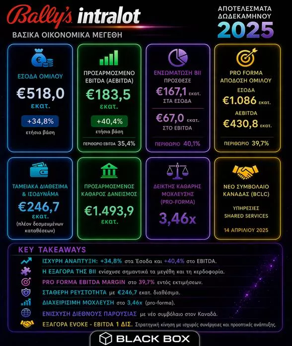 🧩 Η εξαγορά της Bally’s International Interactive συνιστά τομή για τον όμιλο, αφού τον μετατρέπει από πάροχο τεχνολογίας και υποδομών σε ενεργό συμμετέχοντα στην τελική κατανάλωση. Αυτό αυξάνει τις δυνατότητες κερδοφορίας, ενισχύει τα περιθώρια και προσδίδει πιο άμεση έκθεση σε αγορές με υψηλότερη δυναμική.
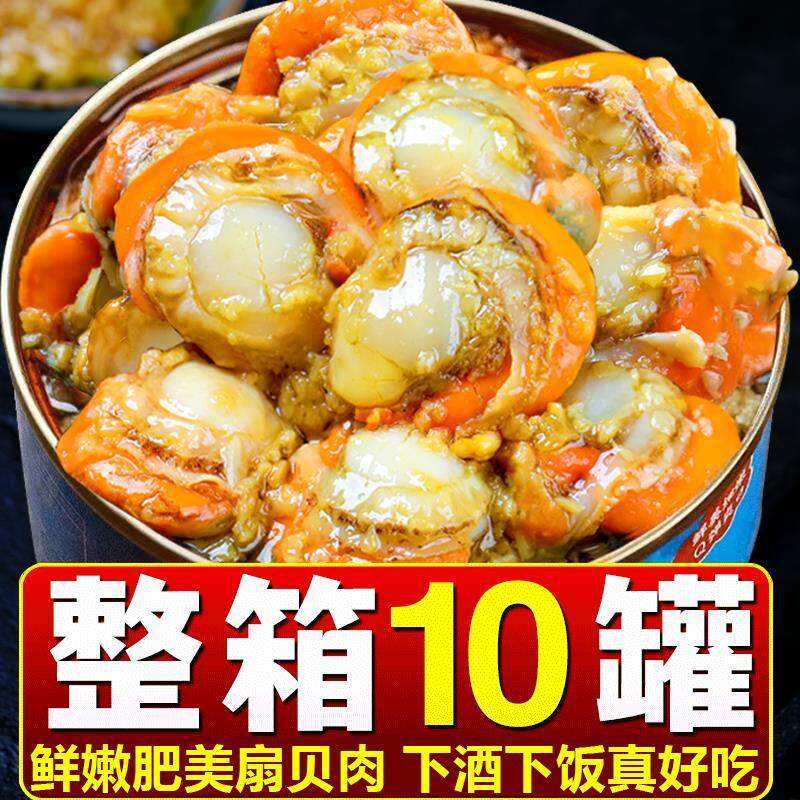 速发蒜蓉扇贝罐头一整箱麻辣小海鲜熟食扇贝肉开袋即食零食小
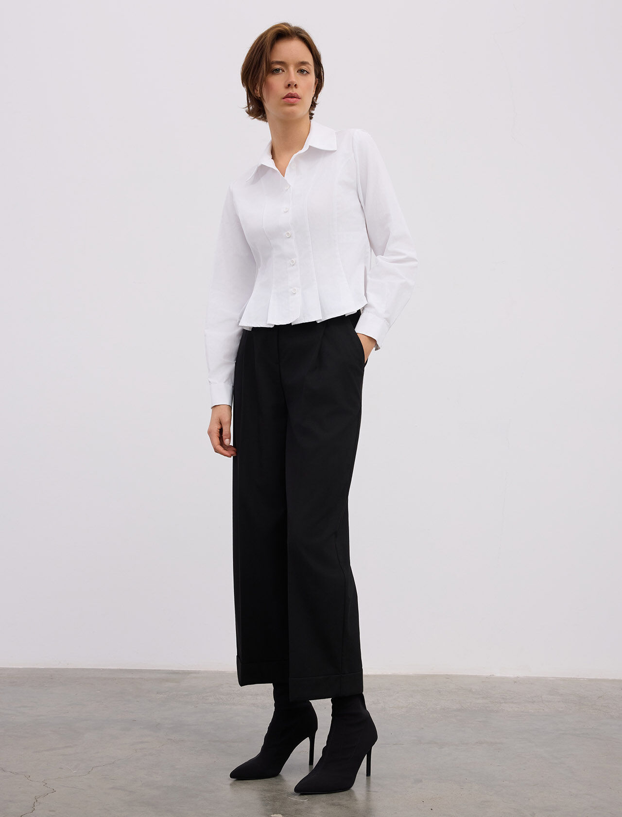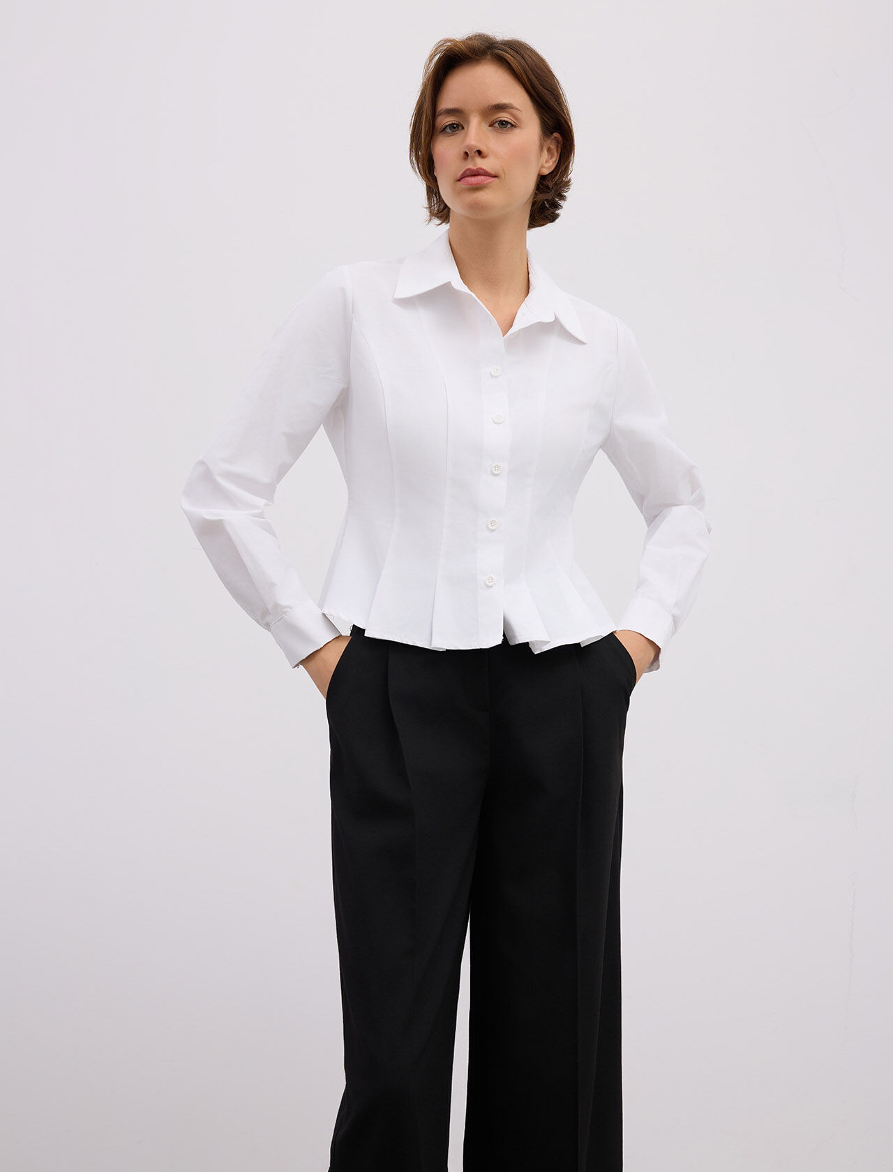 KUP KESIKLI VE PILE DETAYLI PAMUK KARISIM GOMLEK
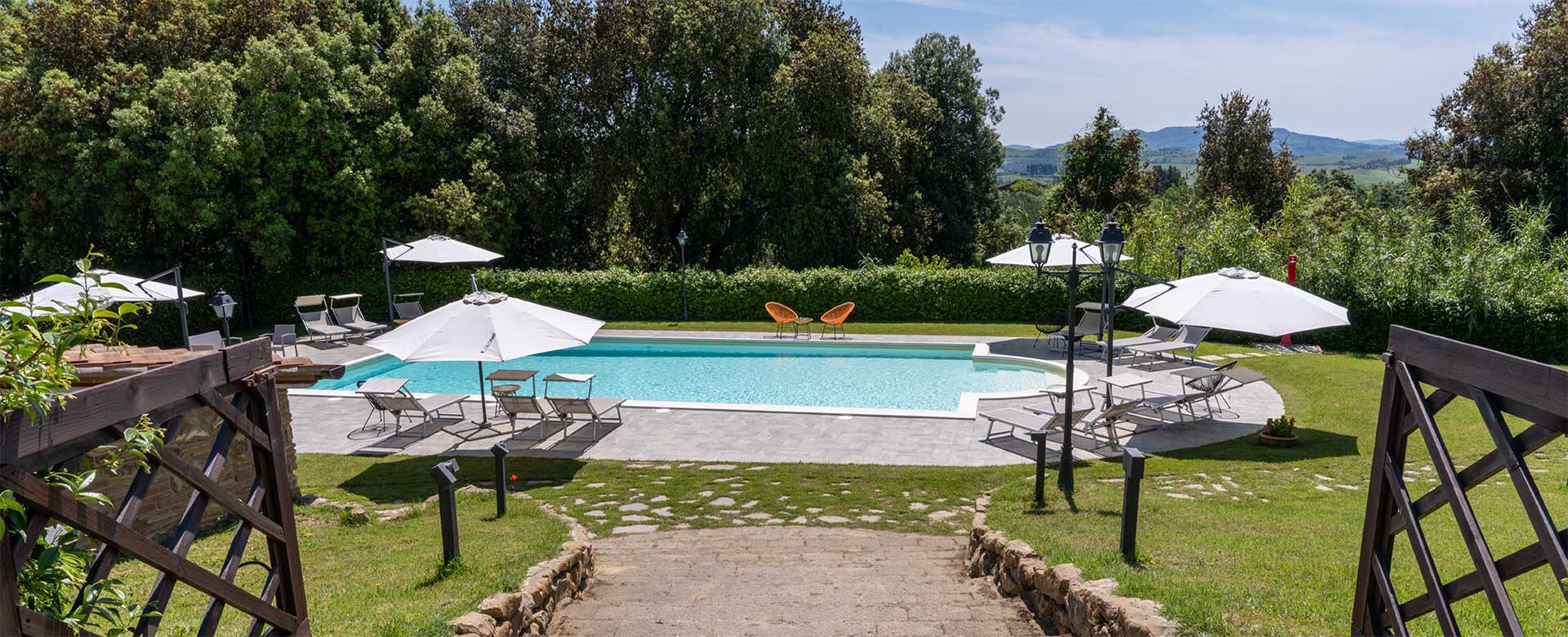 Qui non ci sono barriere visive: l’interno e l’esterno si compenetrano. Le terrazze guardano la vallata, le finestre inquadrano le colline, i muretti in pietra si confondono con i margini del bosco.
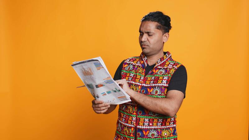 Irked manager browsing though financial audit report files, disappointed by work done by employees, studio background. Upset team leader throwing wrongly done paperwork in frustration, camera B Pro Video
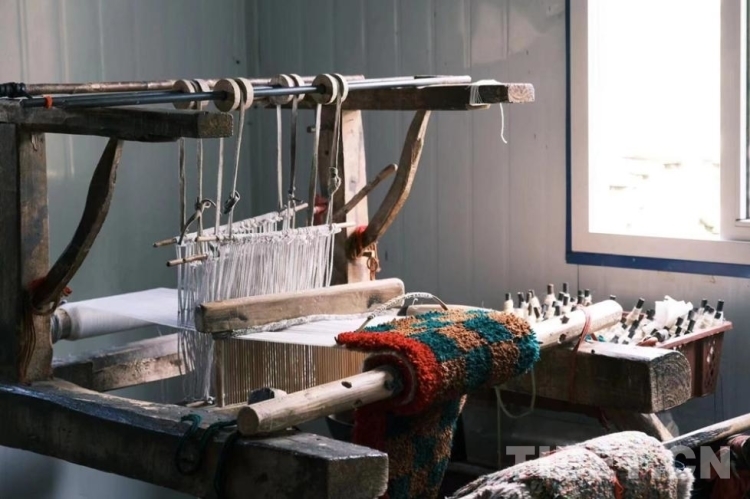 走進(jìn)氆氌紡織間,隊員們看到木質(zhì)的紡織機在吱嘎作響,工人左右手快速地配合,雙腳在幾個踏板間有條不紊地轉(zhuǎn)換,雙眼緊隨著雙手快速地游移目光,嫻熟程度令人嘆為觀止。
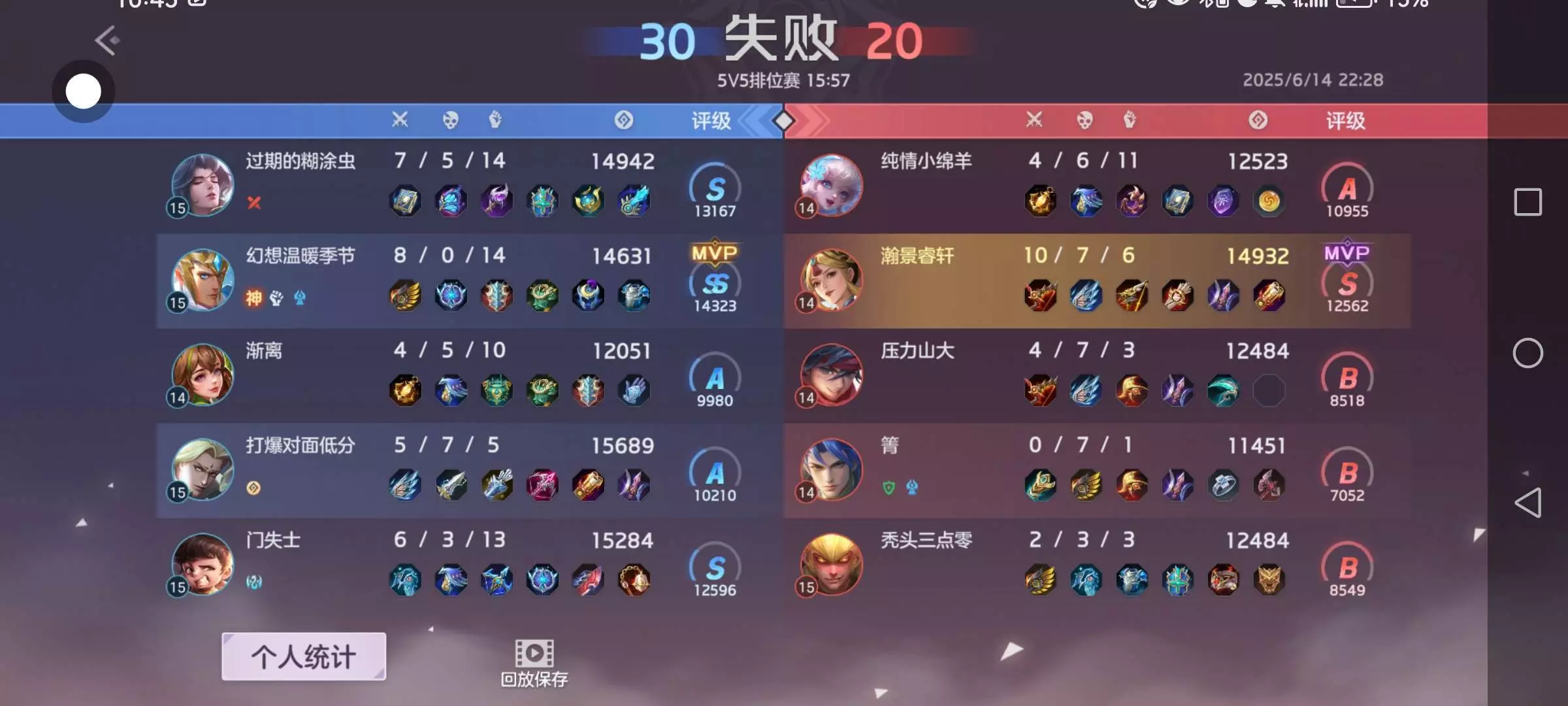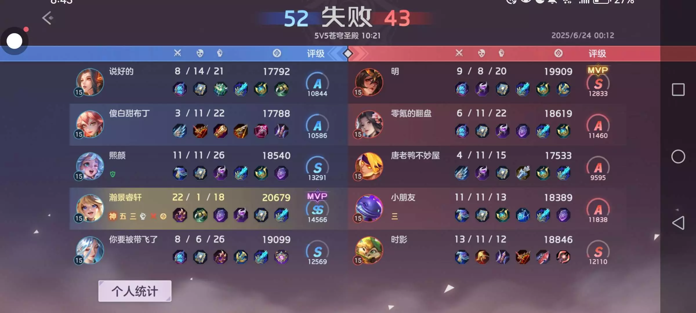 刚打了一把逆风局。服了6分钟被压到水晶,还好我去对面野区发育,不然没了
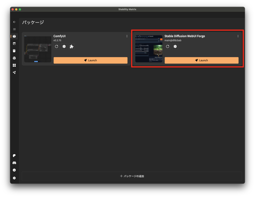 2. 「Stable Diffusion WebUI Forge」のパッケージ画面で、
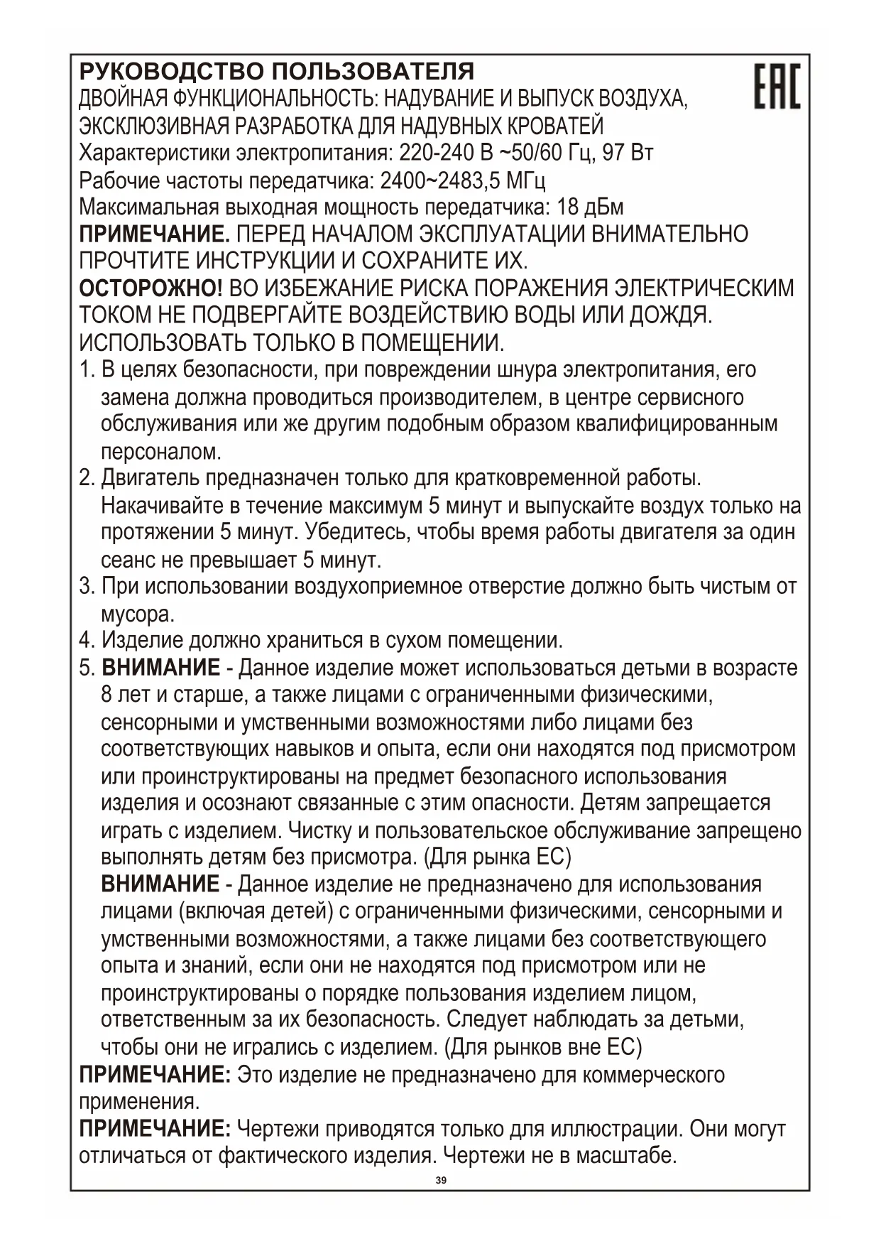 8 лет и старше, а также лицами с ограниченными физическими, сенсорными и умственными возможностями либо лицами без соответствующих навыков и опыта, если они находятся под присмотром или проинструктированы на предмет безопасного использования изделия и осознают связанные с этим опасности. Детям запрещается играть с изделием. Чистку и пользовательское обслуживание запрещено выполнять детям без присмотра. (Для рынка ЕС) ВНИМАНИЕ - Данное изделие не предназначено для использования лицами (включая детей) с ограниченными физическими, сенсорными и умственными возможностями, а также лицами без соответствующего опыта и знаний, если они не находятся под присмотром или не проинструктированы о порядке пользования изделием лицом, ответственным за их безопасность. Следует наблюдать за детьми, чтобы они не игрались с изделием. (Для рынков вне ЕС) ПРИМЕЧАНИЕ: Это изделие не предназначено для коммерческого применения. ПРИМЕЧАНИЕ: Чертежи приводятся только для иллюстрации. Они могут отличаться от фактического изделия. Чертежи не в масштабе.40 Инструкция по эксплуатации насоса: Примечание. Надувание и сдувание автоматически выключаются через 5 минут. Примечание. Нажмите и удерживайте в течение 2 секунд кнопку сдувания, чтобы включить сдувание. Примечание. Выходное напряжение и сила тока зарядного USB-порта составляют 5 В пост. тока и 1 A соответственно. При включенном питании через USB-порт можно заряжать различные устройства, например, сотовый телефон. Примечание. Когда насос надувает или сдувает матрас, нажмите кнопку « » или « », и насос выключится. Важно! Насос не должен работать более 5 минут за одно включение. После каждого включения основного насоса, он должен полностью охлаждаться. ЧИСТКА И ХРАНЕНИЕ:
*****
--- Work to complete ---
Transcribe exactly the lines that run from the first line of the records above through the line with "走進(jìn)氆氌紡織間,隊", and include both of those lines; pictures stay out.

--- Output ---
 🧩 Η εξαγορά της Bally’s International Interactive συνιστά τομή για τον όμιλο, αφού τον μετατρέπει από πάροχο τεχνολογίας και υποδομών σε ενεργό συμμετέχοντα στην τελική κατανάλωση. Αυτό αυξάνει τις δυνατότητες κερδοφορίας, ενισχύει τα περιθώρια και προσδίδει πιο άμεση έκθεση σε αγορές με υψηλότερη δυναμική.
 速发蒜蓉扇贝罐头一整箱麻辣小海鲜熟食扇贝肉开袋即食零食小
 KUP KESIKLI VE PILE DETAYLI PAMUK KARISIM GOMLEK
 Qui non ci sono barriere visive: l’interno e l’esterno si compenetrano. Le terrazze guardano la vallata, le finestre inquadrano le colline, i muretti in pietra si confondono con i margini del bosco.
 Irked manager browsing though financial audit report files, disappointed by work done by employees, studio background. Upset team leader throwing wrongly done paperwork in frustration, camera B Pro Video
 走進(jìn)氆氌紡織間,隊員們看到木質(zhì)的紡織機在吱嘎作響,工人左右手快速地配合,雙腳在幾個踏板間有條不紊地轉(zhuǎn)換,雙眼緊隨著雙手快速地游移目光,嫻熟程度令人嘆為觀止。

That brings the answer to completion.